College Guide


January 11, 2012 4:59 PM Law School’s Debt Problem as a Lesson

By Daniel Luzer


The debt of law school graduates is threatens to undermine the quality of American law schools, according to a recent article published in ABA Journal. This is worth noting, because this sort of thing is eventually going to be a problem for all college graduates.

As William Henderson and Rachel Zahorsky write:

In 2010, 85 percent of law graduates from ABA-accredited schools boasted an average debt load of $98,500, according to data collected from law schools by U.S. News & World Report. At 29 schools, that amount exceeded $120,000. In contrast, only 68 percent of those grads reported employment in positions that require a JD nine months after commencement. Less than 51 percent found employment in private law firms.

Obviously, reasonably high unemployment is common during economic downturns. The problem here is that all of these underemployed people owe money, lots of it, to banks and the federal government. That’s how they paid for law school.

It’s not that there aren’t jobs available for lawyers; there just aren’t that many jobs that pay enough to allow people to comfortably make payments on $98,500 worth of student loans.

There are protections, of course, but they don’t address the structural problem here. Those deferments that underemployed people have taken out eventually will end. Right now it’s like a whole world of people sweeping the problem under the rug. Eventually this will improve. Eventually firms will start hiring, and paying lawyers big money again. Eventually graduates will be able to make payments. Well sort if.

As the article points out, even the policy solutions to address the education debt problems may cause further troubles. Presidnet Obama’s Income-Based Repayment plan, in particular, could turn out to be a fiscal disaster. Henderson and Zahorsky:

The Congressional Budget Office may have underestimated the extent to which students will be eligible for the federal Income-Based Repayment plan, a relatively new innovation. IBR caps student loan repayment at 15 percent of adjusted gross income. Extensive use of that plan would both reduce revenues and create a shortfall in program funding for new loans. With approximately $200 billion in student loans each year, and high amounts projected in years to come, a 10 percent shortfall in repayments under IBR could amount to $20 billion to $30 billion lost.

The greater structural dilemma here is that the system we’ve got in place for law school funding (and undergraduate education suffers from similar problems) is just unsustainable.

As Hendeson and Zahorsky point out, education financing is based a very similar assumption to that behind the housing market crisis: higher education will always result in vastly higher personal incomes.

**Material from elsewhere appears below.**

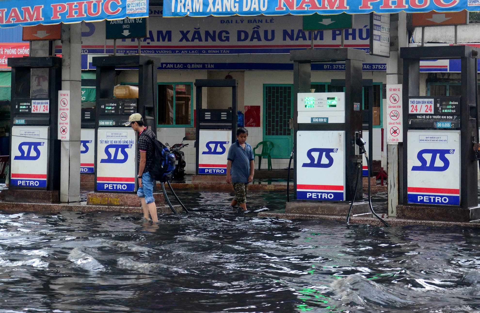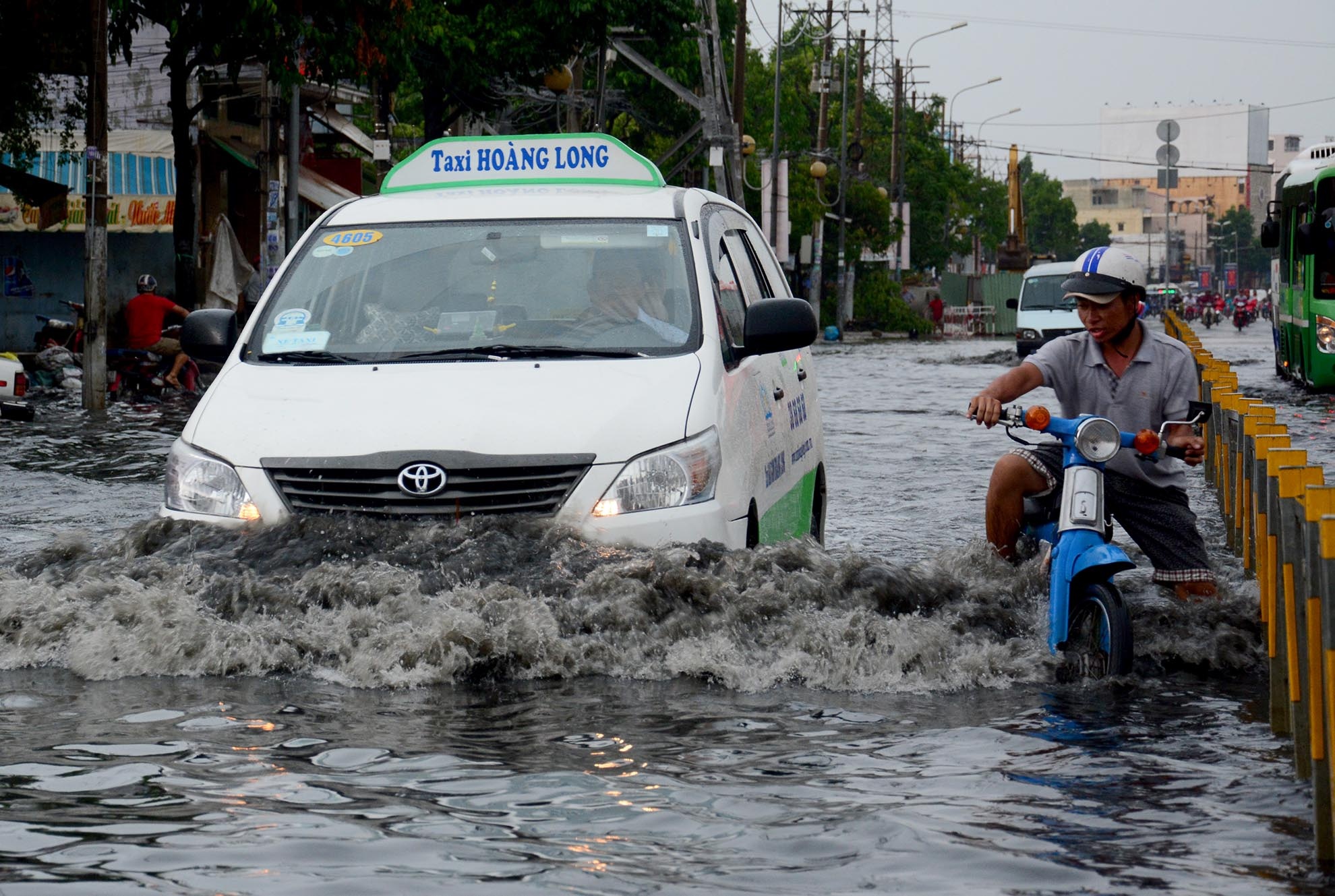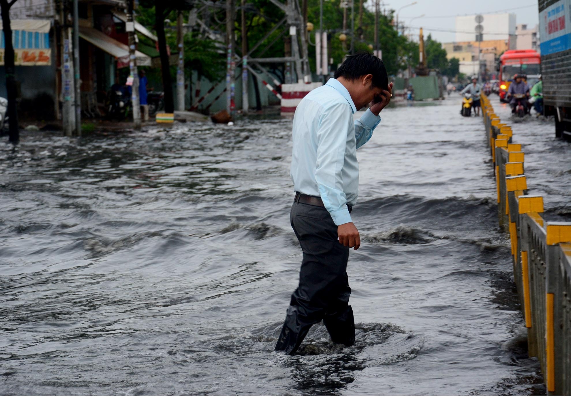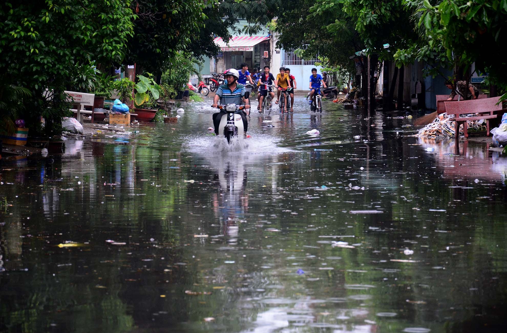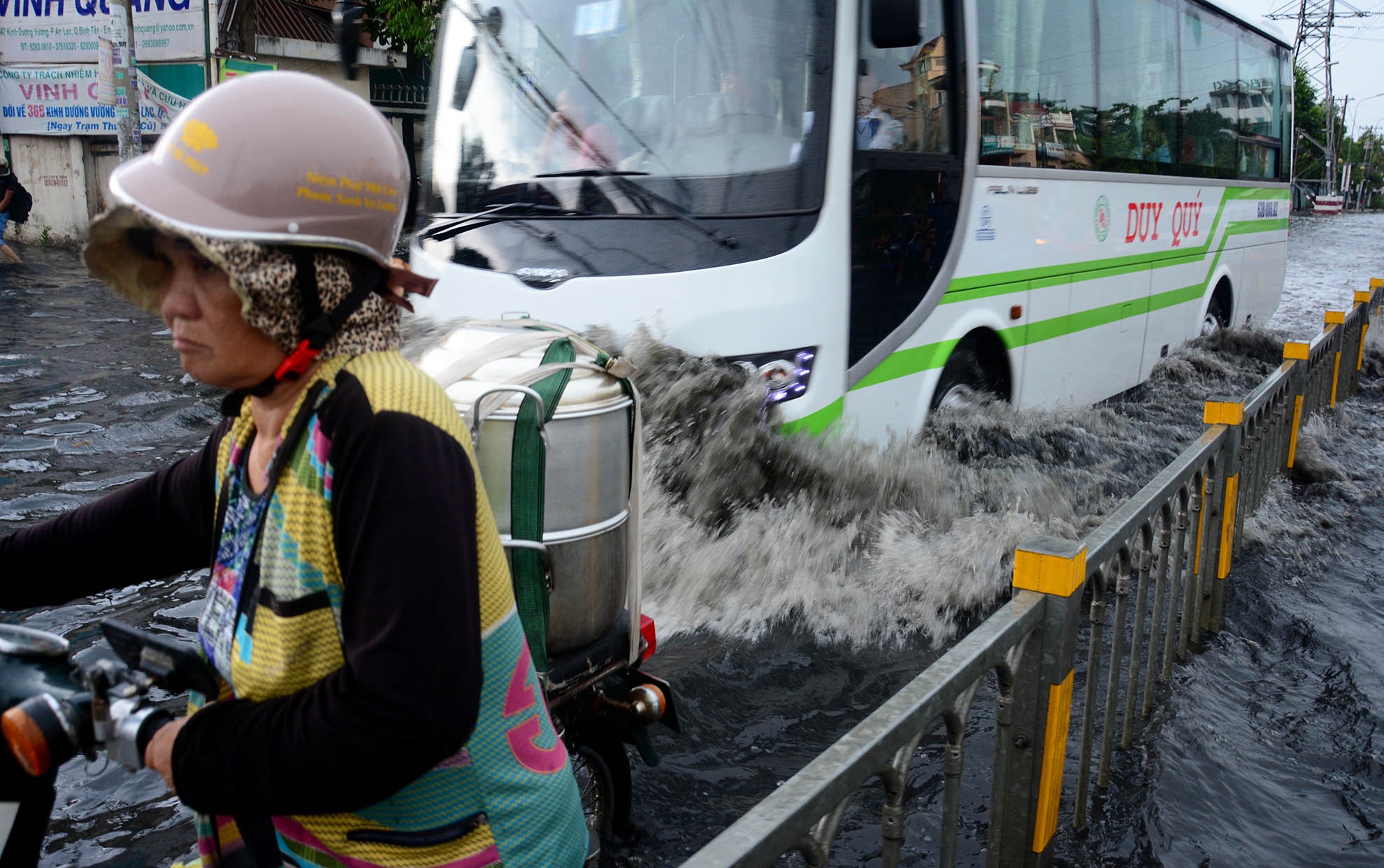 Người Sài Gòn lội bì bõm trong mưa ngập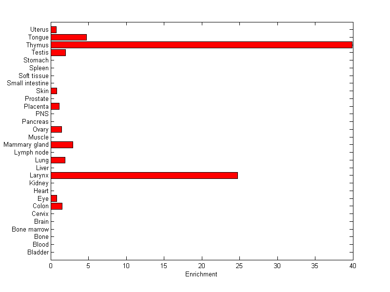 The expression level is normalized with tissue-library size. Each value for a gene in a tissue is a ratio of observed ESTs to the expected one in this tissue. The expected number of ESTs is the product of total ESTs of the gene and the fraction of total ESTs in the tissue among all ESTs in 30 tissues.

Higher education does result in greater earnings, but that’s not the important point here. What really matters is earnings relative to debt payments. Because college costs keep rising, and incomes don’t, eventually it’s going to get difficult for Americans with education debt to make payments on student loans.

This becomes clear with law schools first because they have students with really high debt and the industry reflects the economy as a whole.

But this isn’t going to stop with law schools. The situation we’re seeing with law school graduates may be a harbinger of problems likely to occur with college graduates in general. [Image via]

Daniel Luzer is the news editor at Governing Magazine and former web editor of the Washington Monthly. Find him on Twitter: @Daniel_Luzer


  • Craigie on January 29, 2012 12:53 PM:

    IBR a fiscal disaster? I guess that's why they say people go to law school because they can't do math . . .

    2% of eligible Stafford borrowers chose income-contingent repayment (ICR). Congressional Budget Office had predicted in 1994 that one-third of Direct Loan borrowers would choose ICR.

    The situation is little better with the similar income-based repayment (IBR) plan. Part of the lack of borrower interest in ICR was due to a FUD campaign by lenders who opposed that type of repayment schedule, with allies in financial aid offices. Future incomes, at least at the individual level, are unpredictable.

    Those who have studied 401k plans and mutual funds have found that too many choices is as bad as too few. IBR will only truly work if it is the only repayment plan option, not one of a dozen borrower repayment plan options. In Australia, the revenue agency handles the collections through the tax process, in other words, through the withholding process.

    Why would the taxpayer pick up anything? ICR/IBR earns money for the taxpayer. While a handful of IBR borrowers may see huge increases in salary and forget to switch repayment plans (or not care at that point), thus repaying faster than under Standard, the vast majority will repay over a longer period of time, thus paying more interest over time. While the additional interest is not as much as it appears to the student (due to the time value of money), it is in fact more interest.

    The worst part for the borrower -- something that needs to be fixed before even considering changing the bankruptcy law -- is that the unpaid amount that is discharged is also taxable! This would have cost close to nothing to fix in 1994 when the first discharge case was decades off, and would still not cost much. Since 1997 it is particularly strange, in that some other types of loan forgiveness are now non-taxable. It seems to be bureaucratic dispute between the Treasury/IRS and Education Dept. causing the problem to linger.